Il loro è stato il Tataratà delle coreografie acrobatiche, delle trasferte nazionali ed internazionali (America, Belgio, Grecia…), du zì ‘Ngilinu Nobili (il tamburo “parlante”), delle ferite tamponate al volo alla bell’è meglio durante l’esibizione, delle urla sostenitrici dei ragazzi delle gradinate, del “siamo tutti amici e ci divertiamo con poco”, delle prove fatte al campo sportivo già mesi prima della Festa, delle arrabbiature quando le coreografie stentavano ad essere perfette, dello “schiticchio” conclusivo a fine Festa: “arrustimmu, mangiammu e vivimmu”.

Si sono spese pagine e pagine nel tentare di spiegare cosa sia il Tataratà: una danza, una lotta, un duello, un “corpo a corpo”, una sfida all’ultimo sangue…

Il Tataratà è una danza, un intreccio di corpi, un sussulto collettivo, uno sfogo ferace.
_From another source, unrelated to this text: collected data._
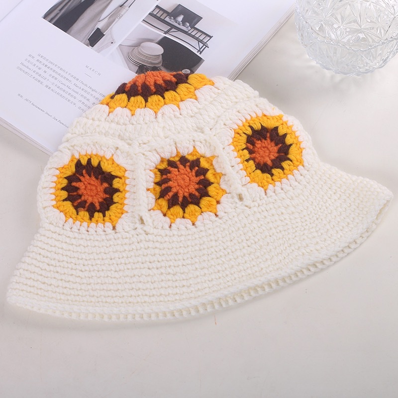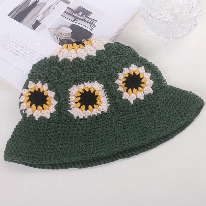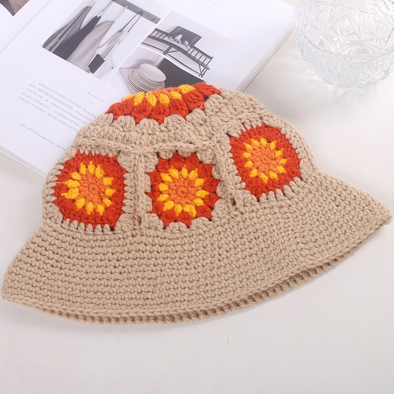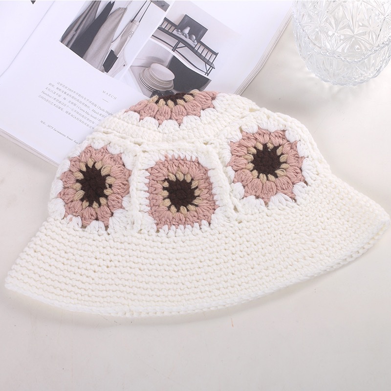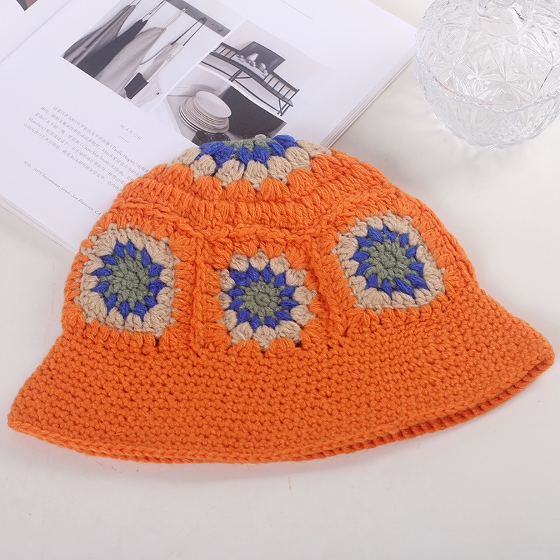 现货日系手工钩花帽子女秋冬保暖镂空针织毛线帽显脸小网红渔夫帽
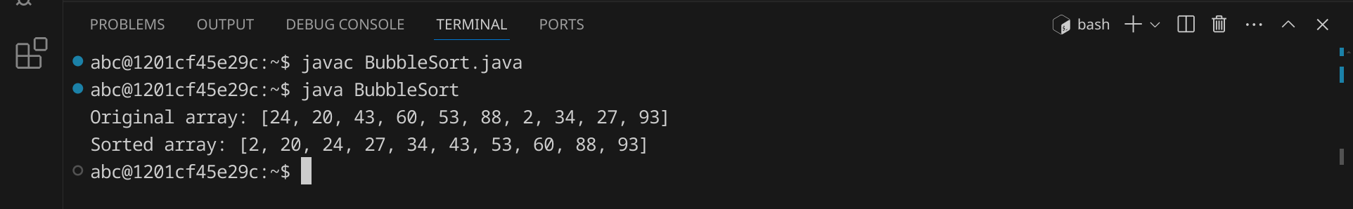 Speichere die Datei unter dem Namen BubbleSort.java. Kompiliere das Programm: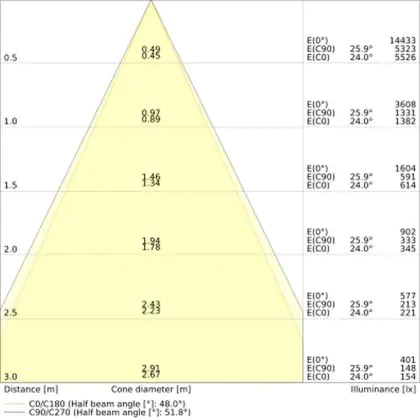 De gradenbundel geeft informatie over hoe breed het licht wordt uitgestraald. Dit zit tussen de 0 en 360 graden (D). Hoe kleiner de hoek, hoe specifieker de lichtbundel is. Over het algemeen is een smalle gradenbundel perfect voor sfeer- of accentverlichting, terwijl een brede gradenbundel ideaal is om grote oppervlaktes te verlichten.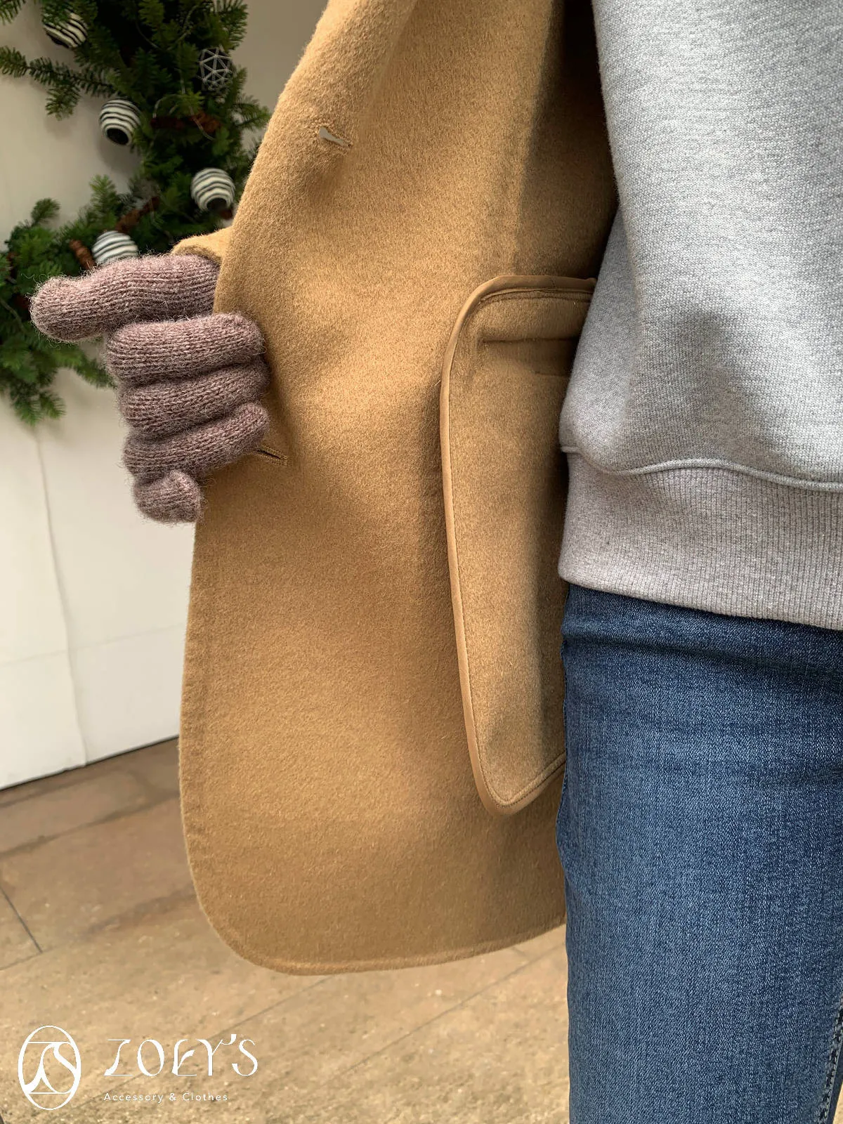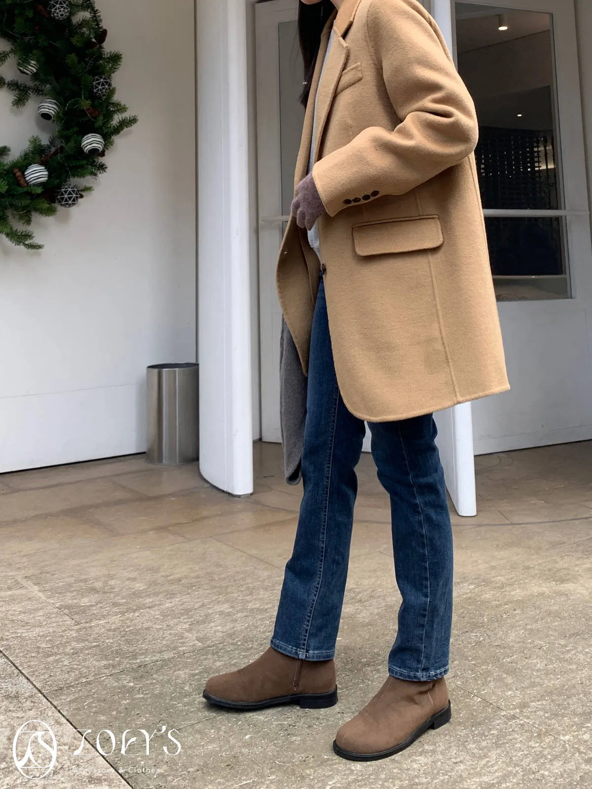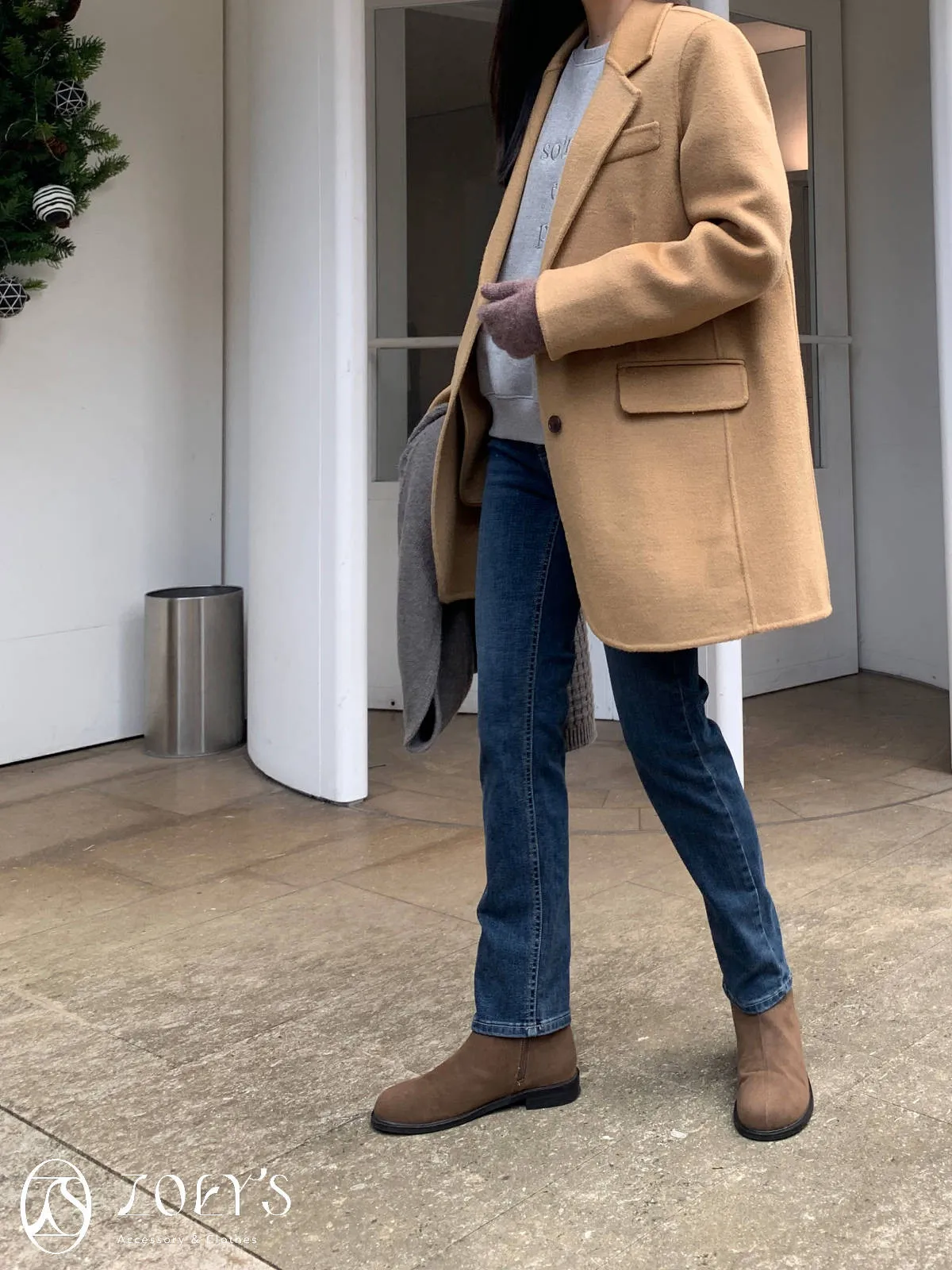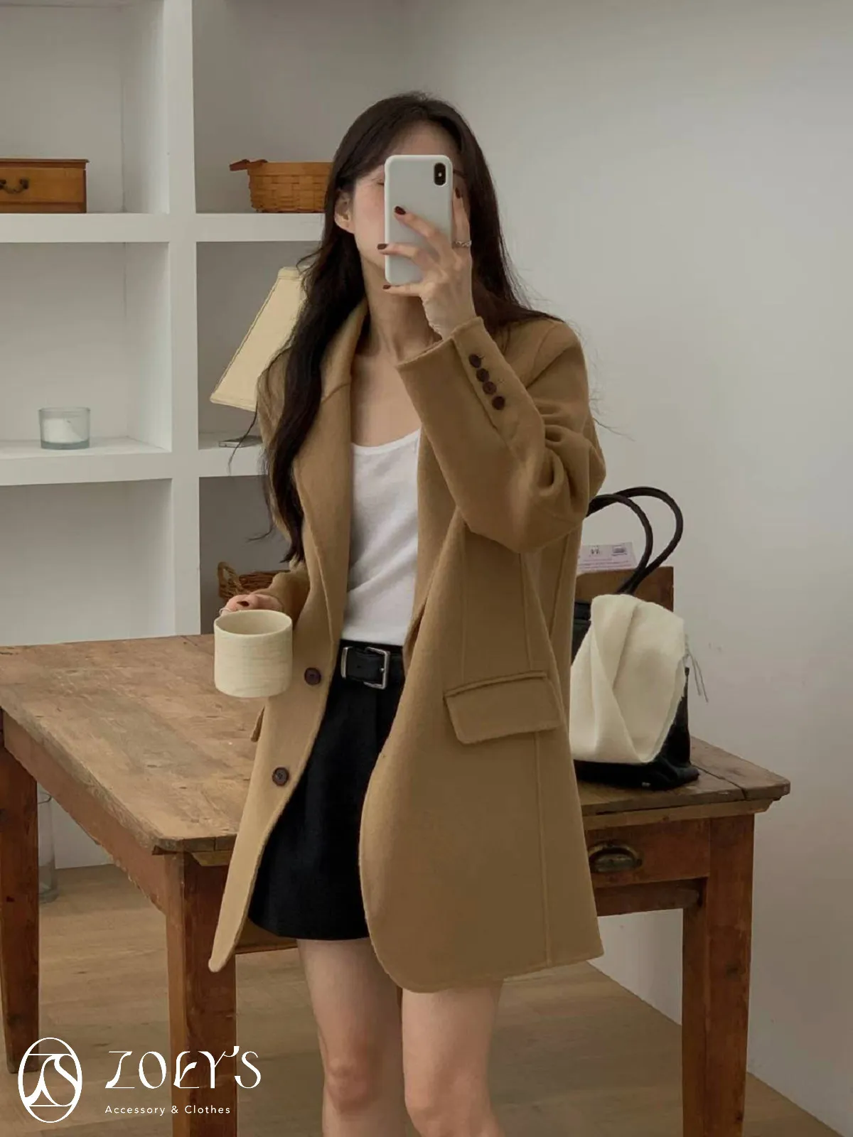 正韓 100%喀什米爾手工羊毛西裝大衣 黑/駝

Il Tataratà è un “unicum”, ce l’abbiamo solo ed esclusivamente noi, Casteltermini.

E, come tante altre belle tradizioni che perdurano nel tempo, anche il Tataratà non deve svanire nel nulla. Sarebbe la perdita di un preziosissimo tesoro, che va custodito e tutelato nel tempo. Ecco cosa stanno facendo i miei amici, stanno donando la chiave di questo tesoro ai propri figli, una chiave da tenere sempre a portata di mano, perché il Tataratà deve rimanere nelle mani di tutti i castelterminesi.

Le nostre tradizioni, la nostra identità, il nostro grazie passano ora nelle mani dei piccoli duellanti che hanno ereditato dai loro padri l’amore e la dedizione per la nostra Croce e l’allegria, la destrezza, la passione per il Tataratà, nostro vanto nel mondo!